#### RECORDS SUPPLIED:

****

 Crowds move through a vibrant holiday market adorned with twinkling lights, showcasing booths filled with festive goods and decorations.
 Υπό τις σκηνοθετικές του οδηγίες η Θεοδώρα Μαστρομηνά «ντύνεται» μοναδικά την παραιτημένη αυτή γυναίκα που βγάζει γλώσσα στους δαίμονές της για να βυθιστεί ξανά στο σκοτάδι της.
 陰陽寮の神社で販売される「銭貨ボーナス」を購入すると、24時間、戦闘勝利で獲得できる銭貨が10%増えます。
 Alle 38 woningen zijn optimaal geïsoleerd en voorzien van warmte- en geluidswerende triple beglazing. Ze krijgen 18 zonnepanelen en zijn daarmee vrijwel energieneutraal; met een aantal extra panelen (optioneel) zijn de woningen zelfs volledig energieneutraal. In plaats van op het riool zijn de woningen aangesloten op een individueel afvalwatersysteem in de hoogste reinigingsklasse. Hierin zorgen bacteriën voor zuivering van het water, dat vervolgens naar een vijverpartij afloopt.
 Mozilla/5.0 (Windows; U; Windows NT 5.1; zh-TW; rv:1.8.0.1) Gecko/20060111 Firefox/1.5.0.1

****

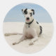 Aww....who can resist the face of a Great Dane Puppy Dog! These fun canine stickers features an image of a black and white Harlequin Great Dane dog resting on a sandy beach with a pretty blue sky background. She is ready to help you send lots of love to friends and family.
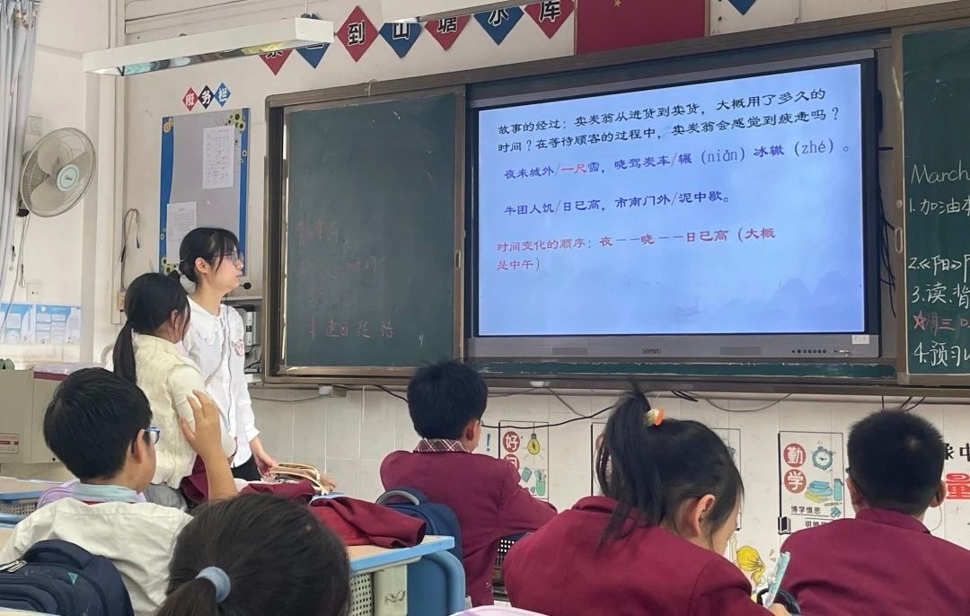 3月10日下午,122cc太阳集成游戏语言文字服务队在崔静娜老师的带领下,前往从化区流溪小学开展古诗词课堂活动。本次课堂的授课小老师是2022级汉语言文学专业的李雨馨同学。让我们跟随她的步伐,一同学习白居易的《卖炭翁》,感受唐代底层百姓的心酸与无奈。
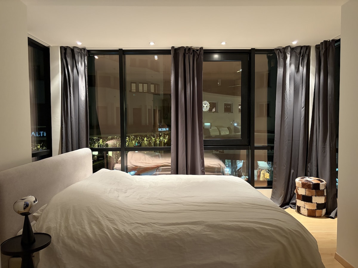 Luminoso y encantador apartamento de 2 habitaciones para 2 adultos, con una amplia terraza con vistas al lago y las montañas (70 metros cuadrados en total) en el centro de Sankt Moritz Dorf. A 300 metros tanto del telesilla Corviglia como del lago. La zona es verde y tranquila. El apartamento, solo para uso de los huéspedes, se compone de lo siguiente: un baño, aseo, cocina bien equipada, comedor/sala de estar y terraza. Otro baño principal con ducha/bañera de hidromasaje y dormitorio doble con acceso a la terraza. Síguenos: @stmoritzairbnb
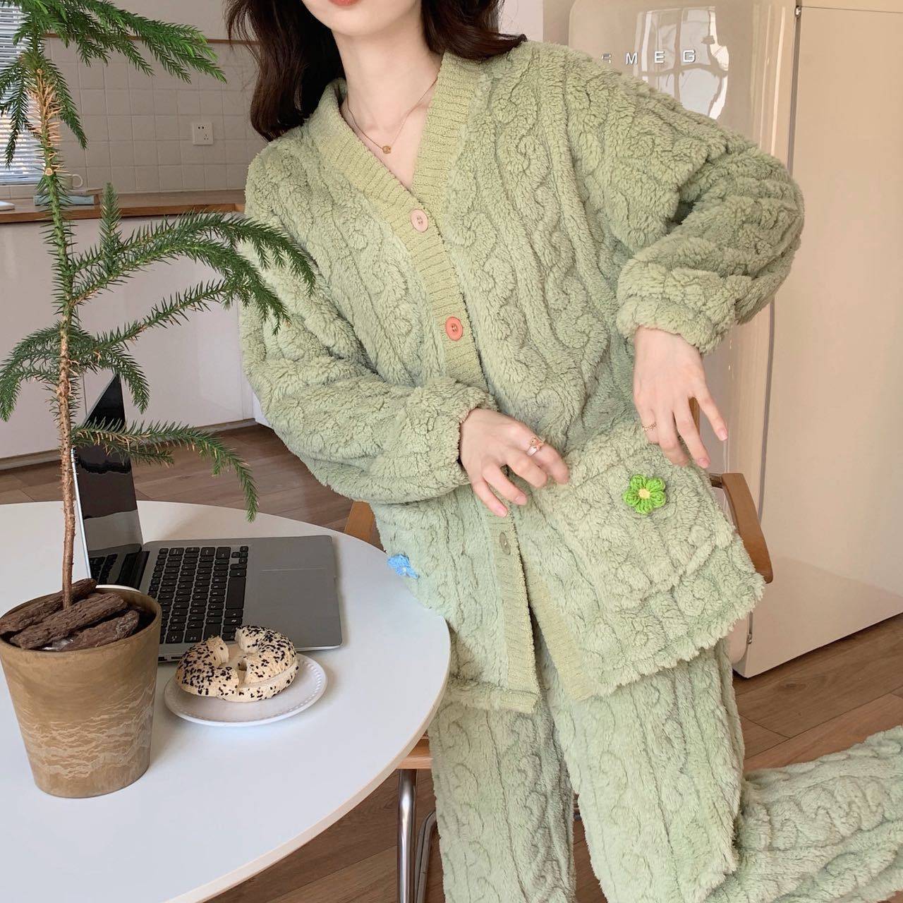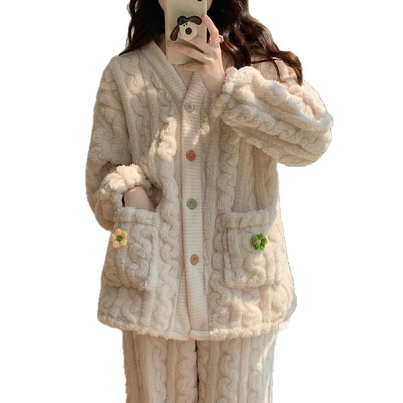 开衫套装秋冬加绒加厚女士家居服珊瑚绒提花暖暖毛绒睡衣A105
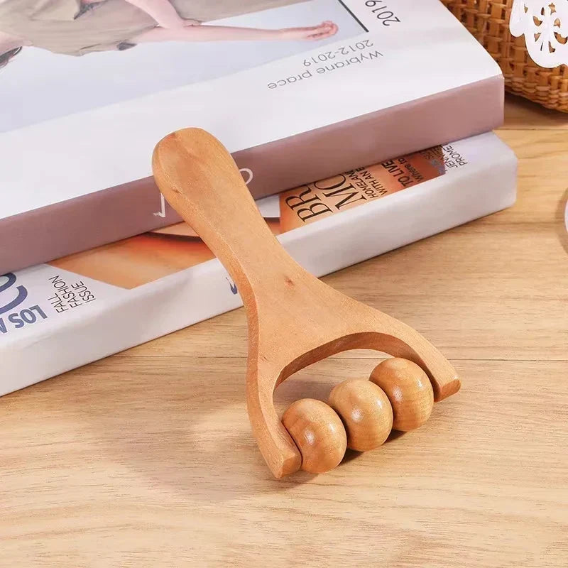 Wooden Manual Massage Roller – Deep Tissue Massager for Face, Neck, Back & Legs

****

#### WHAT YOU HAVE TO DO:
After locating the line holding "Υπό τις σκηνοθετικές" above, output exactly that line and every line after it through the line holding "陰陽寮の神社で販売される「銭". Include nothing else.

#### RESULT:
 Υπό τις σκηνοθετικές του οδηγίες η Θεοδώρα Μαστρομηνά «ντύνεται» μοναδικά την παραιτημένη αυτή γυναίκα που βγάζει γλώσσα στους δαίμονές της για να βυθιστεί ξανά στο σκοτάδι της.
 陰陽寮の神社で販売される「銭貨ボーナス」を購入すると、24時間、戦闘勝利で獲得できる銭貨が10%増えます。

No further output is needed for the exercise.